Trying OpenCL on Guix: An Experience Report

Recently, I wanted to run Leela Zero with q5go to help me get better at playing Go. I run GNU Guix on my machine, and so I did the following: guix package -i leela-zero gnugo q5go. This got q5go going and I was able to point it at Leela Zero (~/.guix-profile/bin/leelaz) as an analysis engine; however, it does not work.
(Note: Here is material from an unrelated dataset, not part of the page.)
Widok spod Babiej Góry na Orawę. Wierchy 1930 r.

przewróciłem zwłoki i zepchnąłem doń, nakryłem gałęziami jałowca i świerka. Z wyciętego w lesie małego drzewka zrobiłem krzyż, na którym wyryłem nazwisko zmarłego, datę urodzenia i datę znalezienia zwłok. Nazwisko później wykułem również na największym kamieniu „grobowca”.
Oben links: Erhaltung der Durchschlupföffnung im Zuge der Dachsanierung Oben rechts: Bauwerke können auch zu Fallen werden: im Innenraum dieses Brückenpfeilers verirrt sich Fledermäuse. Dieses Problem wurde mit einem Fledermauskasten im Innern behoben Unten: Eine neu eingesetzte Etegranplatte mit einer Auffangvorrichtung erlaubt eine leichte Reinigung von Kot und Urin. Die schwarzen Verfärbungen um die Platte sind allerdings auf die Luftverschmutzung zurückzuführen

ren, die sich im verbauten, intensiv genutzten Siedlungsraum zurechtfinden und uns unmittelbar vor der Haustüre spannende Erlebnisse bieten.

Here is my experience determining why.

Like many machine learning programs, Leela Zero can optionally use your GPU utilizing OpenCL to drastically speed up its operations per second. Unfortunately, invoking leelaz with leelaz --gtp wasn't working for me. If I invoked Leela Zero like this: leelaz --cpu-only it worked, but took a long time to analyze moves. This suggested to me that it was an issue with my OpenCL setup. We can use the clinfo program to troubleshoot this.

guix environment --ad-hoc clinfo -- clinfo
Number of platforms                               0

This strongly suggests there is something wrong with Guix's OpenCL setup. We can use strace to learn more.
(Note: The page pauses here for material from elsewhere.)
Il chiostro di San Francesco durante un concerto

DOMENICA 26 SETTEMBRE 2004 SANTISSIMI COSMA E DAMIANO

guix environment --ad-hoc strace clinfo -- strace -o/dev/stdout -eopenat clinfo
openat(AT_FDCWD, "/gnu/store/2ax9z25142khhqx61ks767jr758pzq5r-clinfo-3.0.21.02.21/etc/ld.so.cache", O_RDONLY|O_CLOEXEC) = 3
openat(AT_FDCWD, "/gnu/store/i70jq190cpc45crbnrw8g8lgb4djyi9r-opencl-icd-loader-2021.06.30/lib/libOpenCL.so.1", O_RDONLY|O_CLOEXEC) = 3
openat(AT_FDCWD, "/gnu/store/5h2w4qi9hk1qzzgi1w83220ydslinr4s-glibc-2.33/lib/libdl.so.2", O_RDONLY|O_CLOEXEC) = 3
openat(AT_FDCWD, "/gnu/store/094bbaq6glba86h1d4cj16xhdi6fk2jl-gcc-10.3.0-lib/lib/libgcc_s.so.1", O_RDONLY|O_CLOEXEC) = 3
openat(AT_FDCWD, "/gnu/store/5h2w4qi9hk1qzzgi1w83220ydslinr4s-glibc-2.33/lib/libc.so.6", O_RDONLY|O_CLOEXEC) = 3
openat(AT_FDCWD, "/gnu/store/5h2w4qi9hk1qzzgi1w83220ydslinr4s-glibc-2.33/lib/libpthread.so.0", O_RDONLY|O_CLOEXEC) = 3
openat(AT_FDCWD, "/etc/OpenCL/vendors", O_RDONLY|O_NONBLOCK|O_CLOEXEC|O_DIRECTORY) = -1 ENOENT (No such file or directory)
Number of platforms                               0
+++ exited with 0 +++

Despite mesa-opencl being installed in the system profile, Guix had not populated /etc/OpenCL from the package. It is, however present:

find -L /run/current-system/profile -name OpenCL
/run/current-system/profile/etc/OpenCL

This is mystery number one: why isn't this being populated into Guix's root /etc?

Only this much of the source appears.